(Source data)
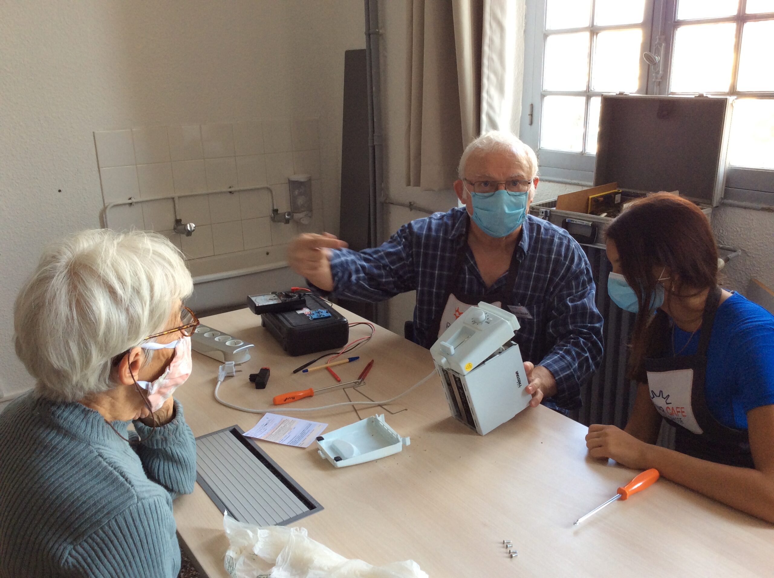 Maxi format par le nombre de bénévoles présent.e.s ce jour là, mais aussi par la taille des locaux dans lesquels nous avons pu prendre les objets en charge. En effet, afin de pouvoir accueillir tous les bénévoles réparateur.trice.s disponibles ce jour là, et respecter les distances de sécurité nécessaire en ces temps de COVID, ce sont deux salles contigües qui ont été mises à notre disposition par la SCIC Tétris ce samedi 10 octobre. Quelle joie de retrouver certains d’entre nous que nous n’avions pas vus depuis quelques temps, suite aux  ateliers restreints mis en place ces derniers mois.
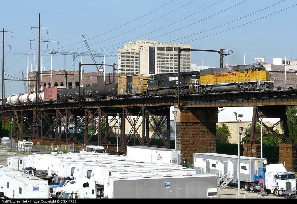 Ex CNW/UP SD60 leaser combines with NS power to haul CSX gen freight Q300 eastbound along the ex Pennsy high line.
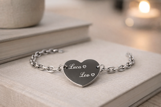 Braccialetto a cuore da donna in acciaio con incisione personalizzata | Regalo personalizzato con nomi date e dediche personali | Misura unica
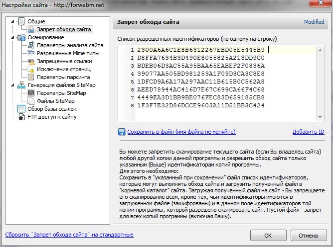 После того, как нужный список идентификаторов построен - его необходимо сохранить в файл, для этого потребуется нажать ссылку `Сохранить в файл`. После нажатия данной ссылки - имя файла будет выставлено автоматически, изменять его не следует - приложение SiteMap генератор будет выполнять поиск именно этого файла (с таким именем) и никакого другого.
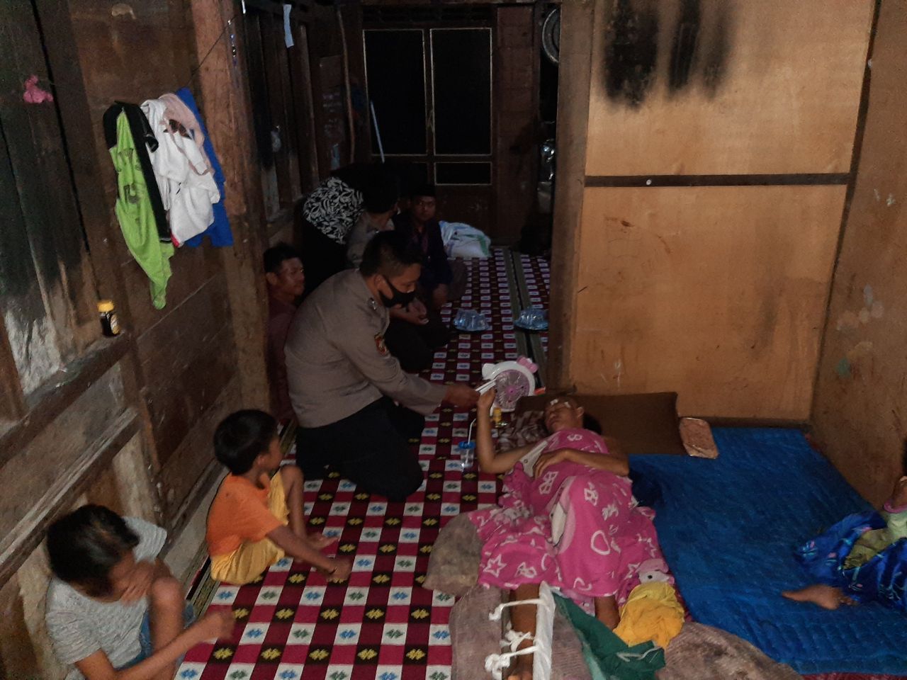 Iptu Rodo Manik mengatakan bahwa bantuan kemanusiaan yang diberikan berupa sembako diserahkan kepada kakek Canong (68) yang mengalami penyakit kanker yang bersarang di lehernya.
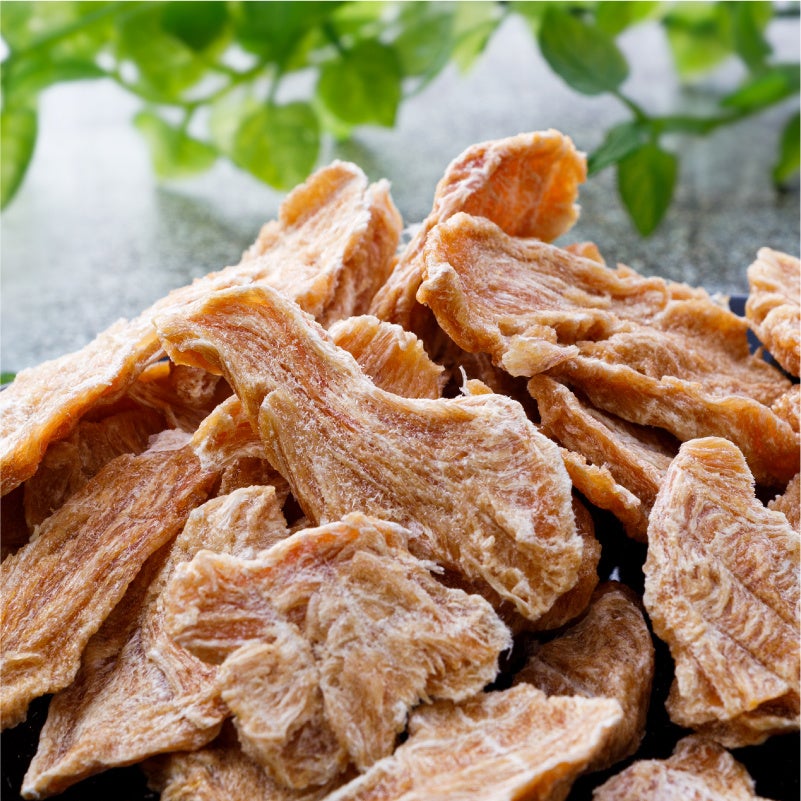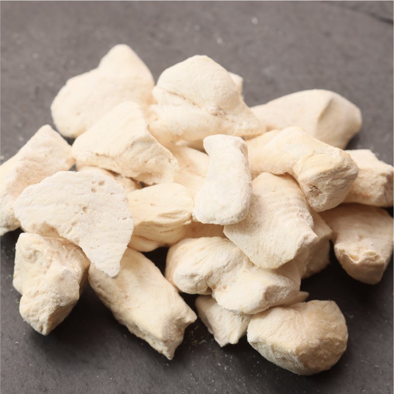 新鮮な鶏むね肉をフリーズドライ加工した、素材のおいしさをそのまま味わえる一品です。旨みを逃さないようスチームで丁寧に下処理し、さくふわ食感に仕上げました。おやつとして与えるのはもちろん、手でも砕きやすいため、つぶしてごはんに振りかけたり、ぬるま湯につけて水分を戻してから与えるなど、色々なアレンジも可能です。
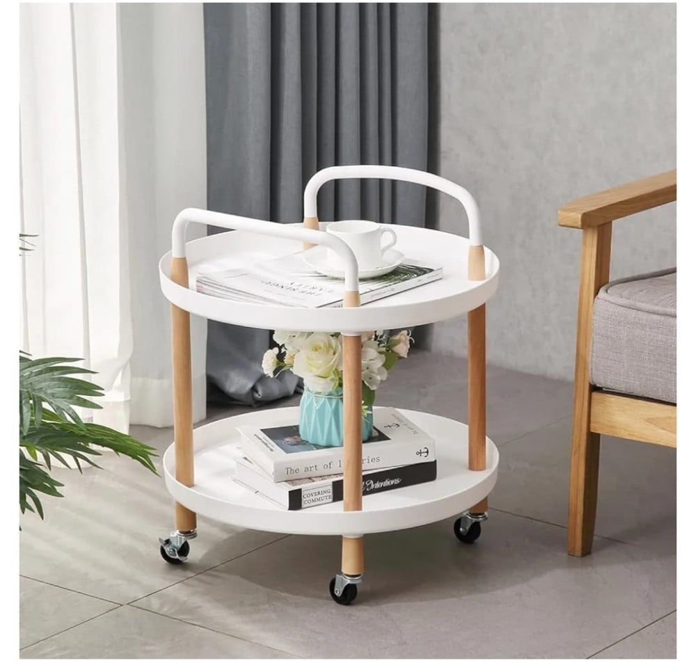 طاولة جانبية دائرية لغرفة المعيشة ويمكن وضعها بجانب السرير ابيض
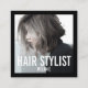 Hairstylist, modernt affärskort för fotokvadrat. Eleganten och den rena layouten med ett tunt ram på framsidan och baksidan av det här affärskortet gör att du kan visa ditt eget foto på framsidan av kortet. Ert yrke och namn är typiskt för det moderna raka, djärva typografiet brev. Utformning som är lämplig för hårstilister, makeup artists, bloggares fotografer och andra kreativ. Fotot på affärskortet är bara ett exempelfoto. Överför ditt eget. Designad av Luxbelles design.
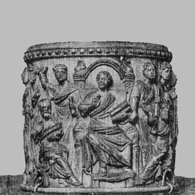 Das Auftreten und der schließliche Sieg des Christentums, welches die alte Welt zertrümmerte und eine neue Kultur an seine Stelle setzte, hat zur Belebung der Kunst zunächst nicht beigetragen. Die künstlerische Schöpfungskraft war im weströmischen Reiche zur Zeit Konstantin’s schon völlig erloschen; die Kunst, zumal die bildnerische, die recht eigentlich die Kunst der Antike gewesen war, zehrte von Traditionen, welche mehr und mehr verblaßten; und in den immer roheren und empfindungsloseren, immer spärlicheren Nachbildungen verlor sich allmählich auch die handwerksmäßige Fertigkeit. Für den Bronzeguß fehlte es, von Werken der Kleinkunst abgesehen, an Ausdauer und technischem Können, für die Ausführung von Freifiguren überhaupt an künstlerischem Vermögen; die bildnerische Thätigkeit wurde daher bald auf das Relief beschränkt, und auch dieses wurde vorwiegend im Kleinen ausgeführt.
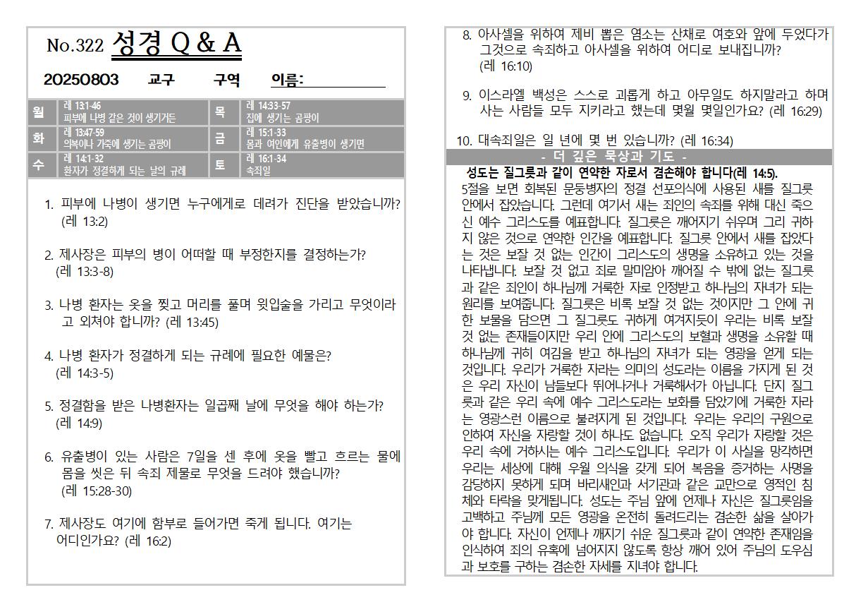 2025년 8월 3일 주일 교회소식 및 Q&A
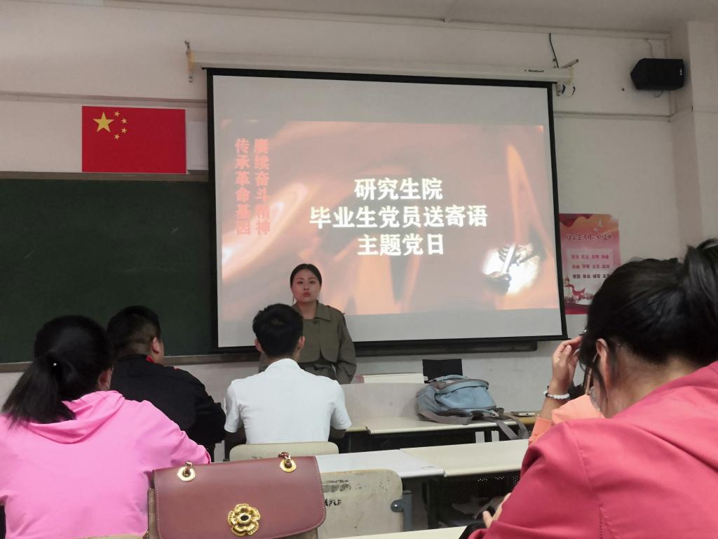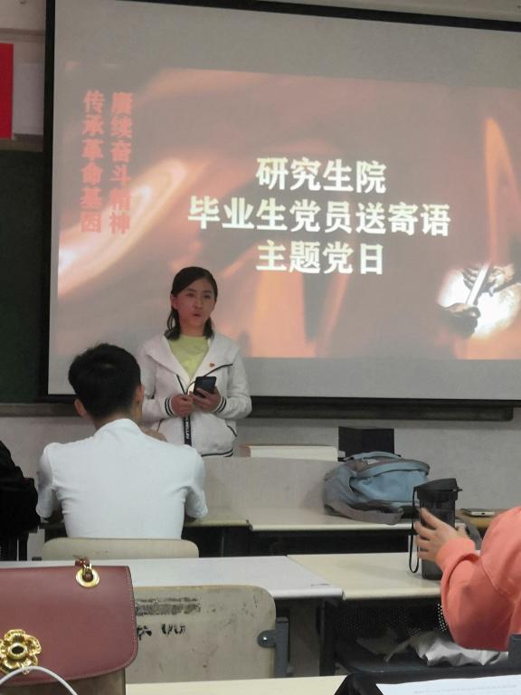 在中国共产党建党100周年之际,迎来毕业季,为激励在校研究生传承优秀精神、砥砺奋进,研究生党支部于2021年6月3日下午14:30在逸夫教学楼408组织了“传承革命基因 赓续奋斗精神”--毕业生党员送寄语主题党日活动,全体党员、入党积极分子参加了活动。
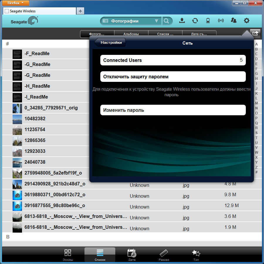 По-умолчанию накопитель использует открытую сеть, к которой можно подключиться без ввода паролей. При необходимости этот и другие параметры можно изменить через Web-интерфейс или программу для смартфона. По внешнему виду и возможностям эти варианты очень похожи. Посмотрим на них подробнее.
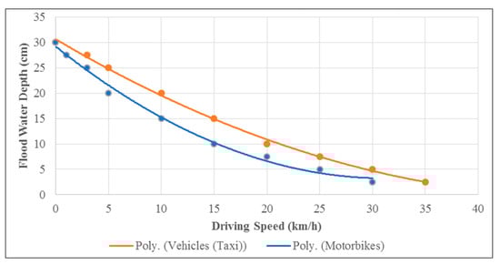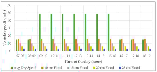 The data presented in Figure 9 and Figure 10 are taken from Soi Sukhumvit 39, Soi Sukhumvit 63 and Soi Sukhumvit 71 and along the main Sukhumvit Road. Figure 9 shows that the driving speed during rush hours (07–09 and 16–19) in dry conditions is almost identical to the driving speed when flood depths of 10 cm occur in the same timeframes. This implies that the driving speeds during rush hour are akin to that of perceived safe driving speeds in flooded conditions where the water level on the road is at a 10-cm depth. In contrast, outside of rush hour traffic, there is a significant difference between dry and wet driving speeds.
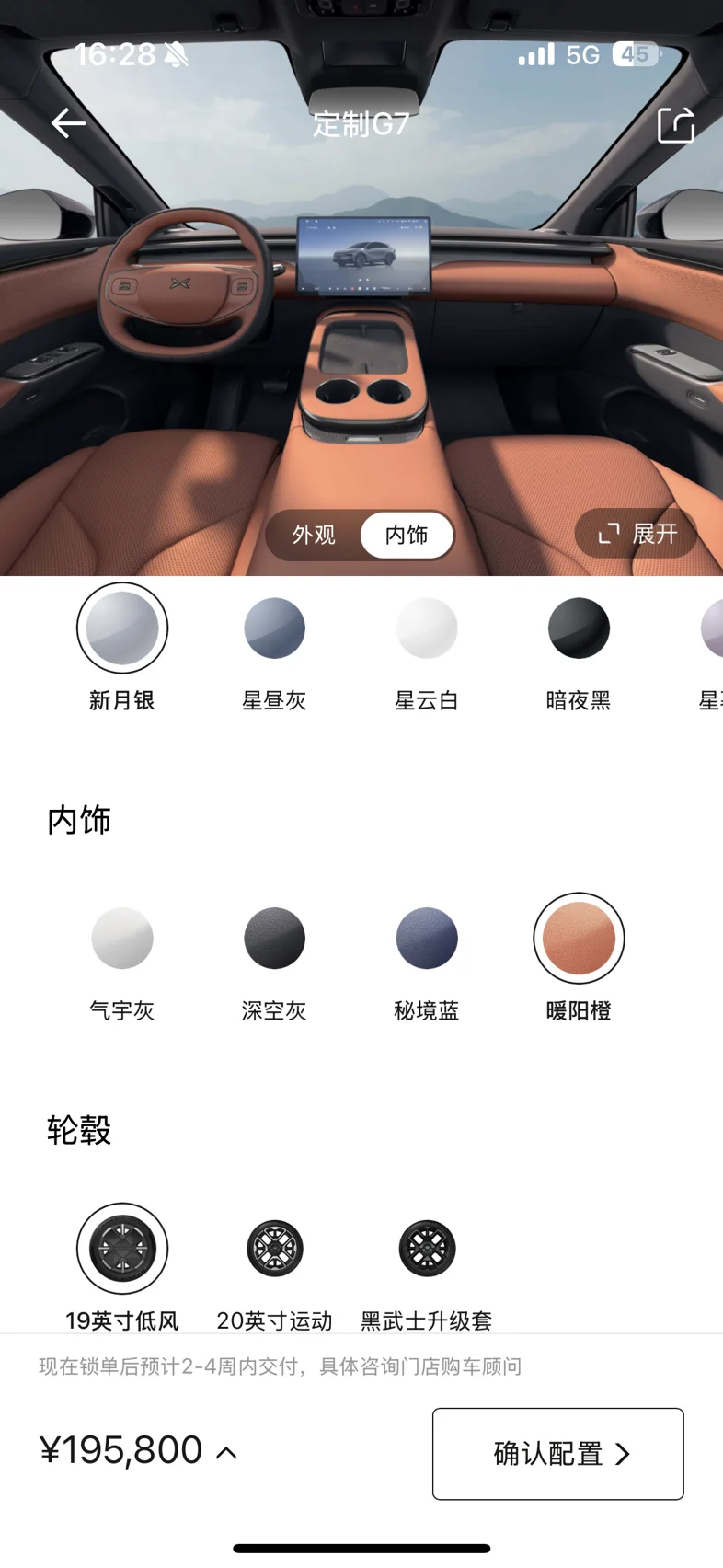 去年这个时候定了小鹏P7+,今年本来没有换车的打算 因为女朋友一句“都在幻想开着增程车出去自驾游的样子了”立马决定现在有免息政策了就买,第二天立马约了试驾,然后等发布会公布价格,价格出来后高于预期,但还能接受。在选择配置时又出了新的难题,我俩一致想选黑色外观,橙色内饰,加零重力座椅。但橙色内饰只有银灰两色可以选择,还不能加零重力座椅,后边还是决定内饰更加重要,外观可以选择改色。在选择第二辆小鹏时也考虑过要不要换其他品牌,但我们更在意续航,小鹏的性价比也是最高的,第一辆p7+我们也很满意,综合考虑还是下定!

- PROBLEM STATEMENT
Using the data above, transcribe exactly the lines between those containing "Braccialetto a cuore" and "После того, как", inclusive, and leave every picture behind.

- REPLY TO THE TASK
 Braccialetto a cuore da donna in acciaio con incisione personalizzata | Regalo personalizzato con nomi date e dediche personali | Misura unica
 После того, как нужный список идентификаторов построен - его необходимо сохранить в файл, для этого потребуется нажать ссылку `Сохранить в файл`. После нажатия данной ссылки - имя файла будет выставлено автоматически, изменять его не следует - приложение SiteMap генератор будет выполнять поиск именно этого файла (с таким именем) и никакого другого.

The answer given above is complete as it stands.